00:09:59.033 the documentation says it's common to configure

00:10:02.566 this with 500 or 1000 threads,

00:10:05.066 at minimum, but they rarely recommend running

00:10:08.800 more than 5000 threads.

 

00:10:12.766 And, I think, unless you're doing something

00:10:14.866 very, very unusual, it's likely you can

00:10:17.866 just spawn a thread, or use a

00:10:20.100 pre-configured thread pool, and perform blocking I/O,

00:10:25.666 and just communicate using channels, and the

00:10:28.166 performance will be just fine.

 

00:10:30.833 Even if this means spawning up thousands of threads.

 

00:10:35.866 Modern servers can run thousands, or tens

00:10:39.500 of thousands, of simultaneous threads without any

00:10:42.000 great difficulty.

 

00:10:44.833 Threading is not that expensive these days.

 

00:10:49.400 And asynchronous I/O can give a performance benefit.

 

00:10:54.000 But that performance benefit is usually not that great.

 

00:10:59.533 So my recommendation is,

00:11:01.600 choose asynchronous programming because you prefer the

00:11:04.300 programming style, if you like.

 

00:11:06.800 But don't choose it for performance reasons,

00:11:12.066 unless you really sure that it will

00:11:13.766 improve performance. Threading is not as expensive

00:11:16.433 as you think.

 

00:11:21.466 And that concludes our discussion of coroutines

00:11:24.200 and asynchronous I/O.

 

00:11:26.566 As we've seen, blocking I/O can be

00:11:29.166 problematic.

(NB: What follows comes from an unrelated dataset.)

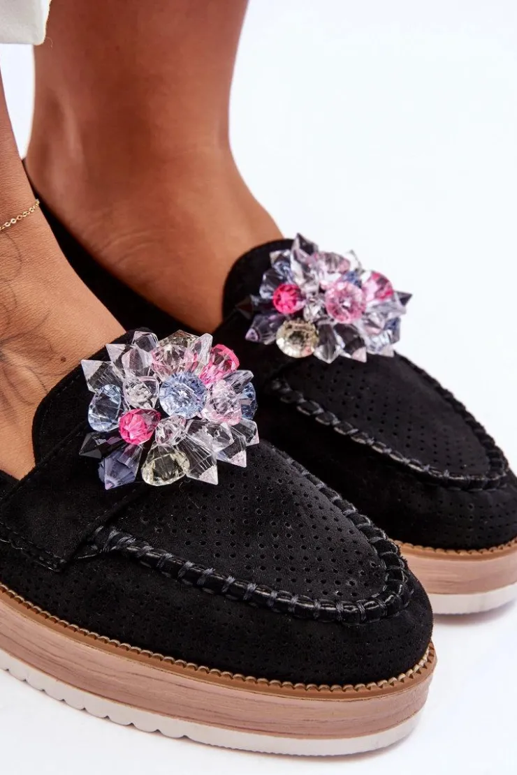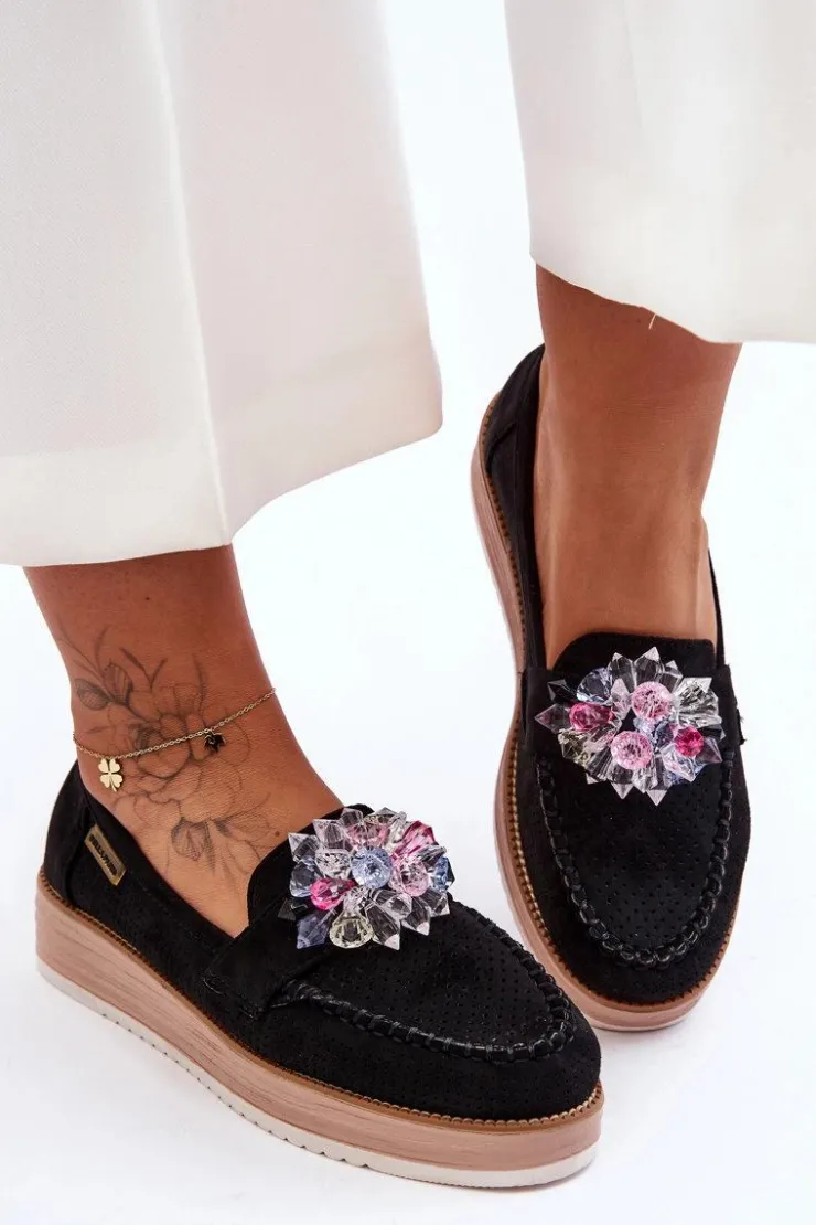 Boto Mokasyny Na Platformie|Mokasyny Damskie Zamszowe*Damskie Mokasyny Na Platformie Z Kamieniami Czarne Elonore
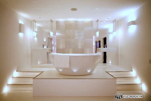 Thay vì đặt đèn trên trần hoặc trên tường, tại sao không phòng tắm của bạn? Một cảm giác thư giãn thật tuyệt

It's problematic because it forces you

00:11:33.000 to write multi-threaded code, which has

00:11:35.333 a reputation as being high overhead.

 

00:11:38.400 Or it's problematic because you have to

00:11:40.500 structure your code as a select loop.

 

00:11:43.000 And in both of these cases there's

00:11:45.466 a restructuring of the code needed.

 

00:11:49.033 The use of coroutines and asynchronous code,

00:11:52.100 in the best cases, can give you

00:11:55.100 a structure for I/O-heavy code, which allows

00:11:59.066 you to perform asynchronous I/O operations without

00:12:02.166 greatly restructuring the code, and just involves

00:12:05.333 some small number of annotations,

00:12:07.900 and switching to use the async version of the runtime.

 

00:12:12.733 And, in those cases it's quite a

00:12:14.566 natural programming model, and it works very well.

 

00:12:18.500 It does, though, run the risk of

00:12:20.133 fragmenting the ecosystem into async aware,

00:12:22.666 and non-async aware functions, and I think

00:12:26.000 it runs the risk of

00:12:28.100 introducing hard to find bugs with blocking

00:12:30.733 code, and with CPU hogging code.

 

00:12:35.833 Is it worth it?

 

00:12:38.600 I don't know, maybe.

 

00:12:41.033 It gives very natural code in some

00:12:42.866 cases, and very high performance code in

00:12:45.600 some cases, I think it can work

00:12:47.600 very well in those cases.

 

00:12:50.100 In other cases, in other applications,

00:12:53.533 the multi-threaded, blocking, version of the code

00:12:56.966 is just as natural to write,

00:12:59.666 and also scales very well.

 

00:13:02.933 Different applications have different requirements, and I

00:13:05.966 would encourage experimentation, rather than just diving

00:13:09.500 straight in to using asynchronous functions and await.

 

00:13:17.166 In the next lecture, we’ll move on,

00:13:19.233 and instead of talking about concurrency,

00:13:21.466 we'll move on to talk about security.